> [TASK]
Everything below from the line with "9月6日,游客在濟南趵突泉公園內參觀。" through the line with "진양 딸기잼 파우치 1kg 1개 / 2+1개" must be retyped exactly, except the pictures.

> [INPUT]
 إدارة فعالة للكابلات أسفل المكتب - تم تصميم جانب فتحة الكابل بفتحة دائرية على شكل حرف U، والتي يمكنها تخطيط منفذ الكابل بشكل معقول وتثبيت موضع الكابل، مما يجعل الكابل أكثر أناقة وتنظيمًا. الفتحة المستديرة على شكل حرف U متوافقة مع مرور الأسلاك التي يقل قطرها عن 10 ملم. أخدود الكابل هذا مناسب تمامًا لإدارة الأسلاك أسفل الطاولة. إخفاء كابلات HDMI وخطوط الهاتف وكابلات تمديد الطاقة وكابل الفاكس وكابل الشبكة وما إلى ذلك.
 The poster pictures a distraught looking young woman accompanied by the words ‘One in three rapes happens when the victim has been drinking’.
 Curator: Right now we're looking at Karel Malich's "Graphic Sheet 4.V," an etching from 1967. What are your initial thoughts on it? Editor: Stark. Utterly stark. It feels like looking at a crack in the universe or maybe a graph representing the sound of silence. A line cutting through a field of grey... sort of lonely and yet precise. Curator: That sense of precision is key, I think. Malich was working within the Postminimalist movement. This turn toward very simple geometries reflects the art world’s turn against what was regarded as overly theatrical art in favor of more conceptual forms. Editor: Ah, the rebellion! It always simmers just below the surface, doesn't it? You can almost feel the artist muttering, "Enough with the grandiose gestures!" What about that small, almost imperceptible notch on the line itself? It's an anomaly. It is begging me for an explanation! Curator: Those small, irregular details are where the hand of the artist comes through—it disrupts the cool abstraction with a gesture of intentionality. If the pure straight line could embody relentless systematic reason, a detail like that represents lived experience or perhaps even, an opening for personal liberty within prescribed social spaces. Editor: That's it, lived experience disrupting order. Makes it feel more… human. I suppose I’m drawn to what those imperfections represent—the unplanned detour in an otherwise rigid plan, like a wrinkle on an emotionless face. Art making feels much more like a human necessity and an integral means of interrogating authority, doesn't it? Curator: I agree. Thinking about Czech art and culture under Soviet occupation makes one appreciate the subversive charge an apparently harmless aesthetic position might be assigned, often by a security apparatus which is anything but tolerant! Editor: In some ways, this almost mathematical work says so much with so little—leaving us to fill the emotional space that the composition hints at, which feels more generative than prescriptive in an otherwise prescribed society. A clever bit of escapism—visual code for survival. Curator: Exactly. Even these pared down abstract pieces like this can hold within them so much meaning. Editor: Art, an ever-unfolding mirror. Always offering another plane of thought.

--

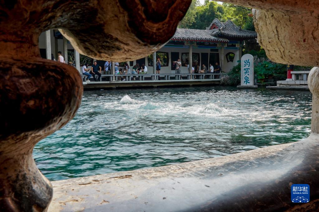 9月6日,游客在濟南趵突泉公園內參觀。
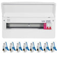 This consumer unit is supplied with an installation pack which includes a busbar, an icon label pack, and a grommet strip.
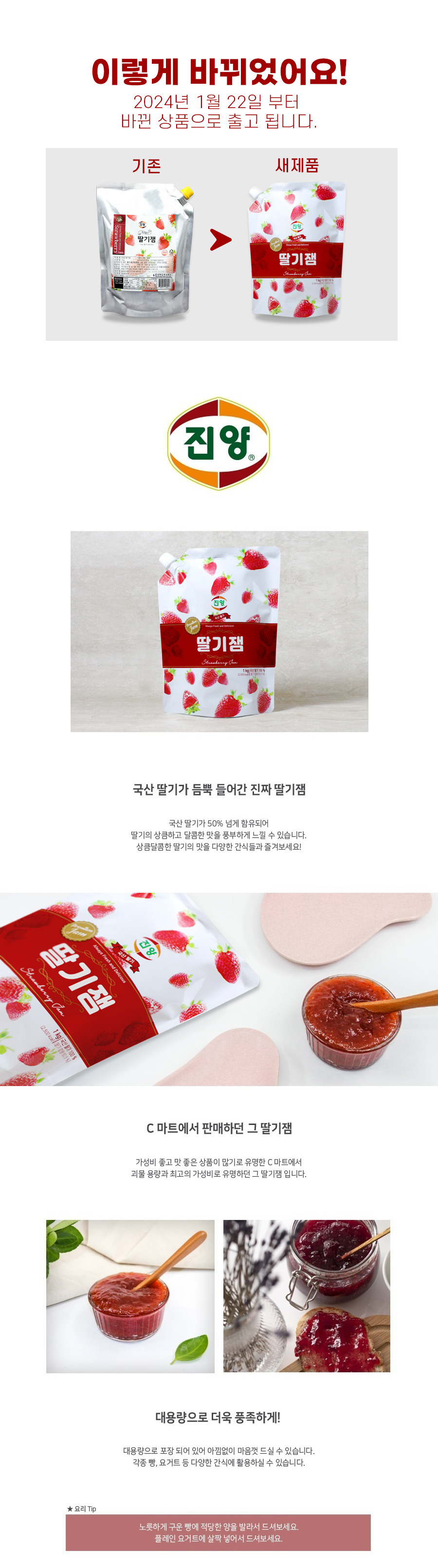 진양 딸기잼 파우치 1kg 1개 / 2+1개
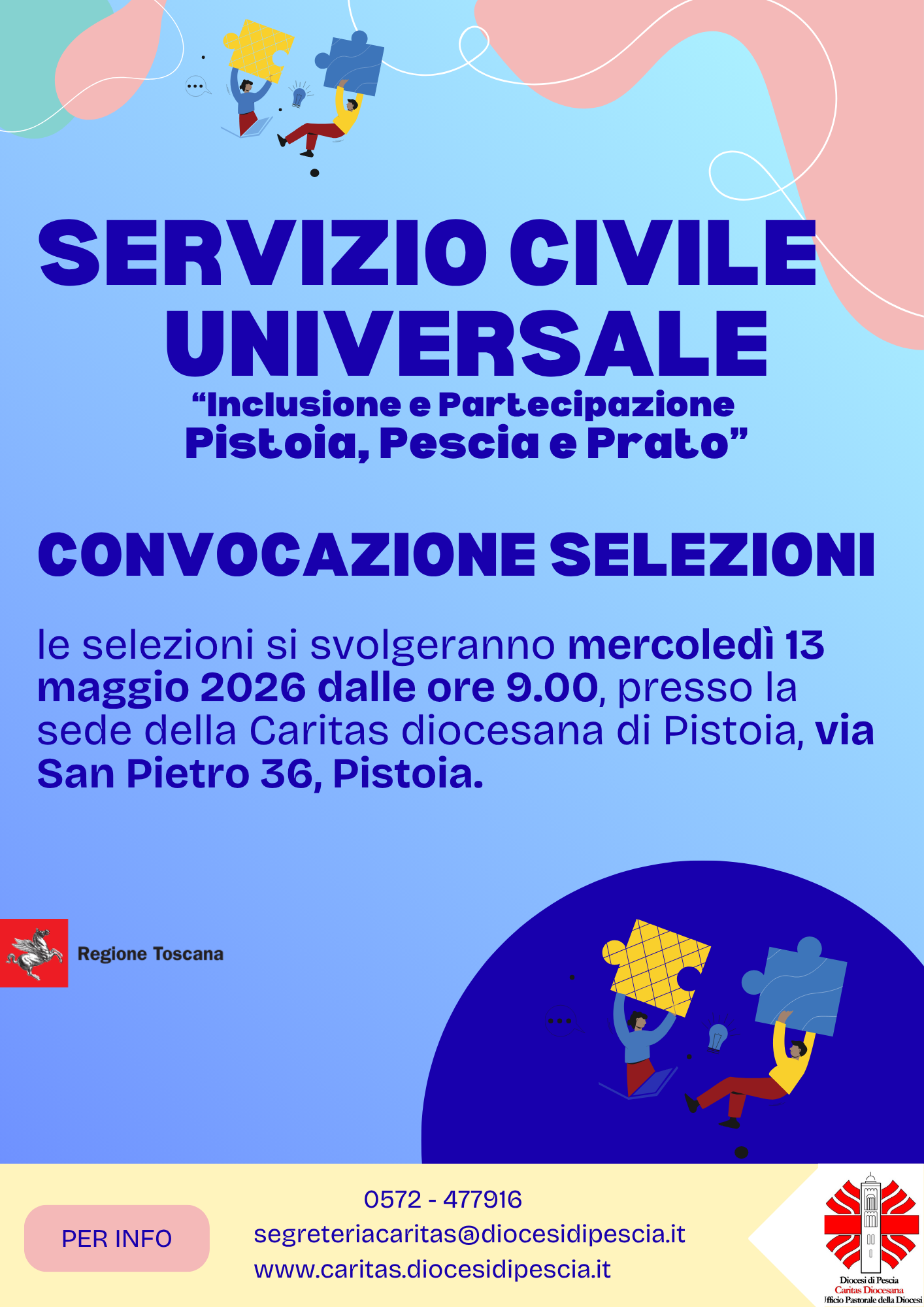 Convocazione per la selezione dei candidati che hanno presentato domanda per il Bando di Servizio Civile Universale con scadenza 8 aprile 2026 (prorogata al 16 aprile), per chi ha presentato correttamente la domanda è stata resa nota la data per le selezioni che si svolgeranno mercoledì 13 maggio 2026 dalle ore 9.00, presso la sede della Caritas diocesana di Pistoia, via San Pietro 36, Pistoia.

> [SOLUTION TO THIS PROBLEM]
 9月6日,游客在濟南趵突泉公園內參觀。
 This consumer unit is supplied with an installation pack which includes a busbar, an icon label pack, and a grommet strip.
 진양 딸기잼 파우치 1kg 1개 / 2+1개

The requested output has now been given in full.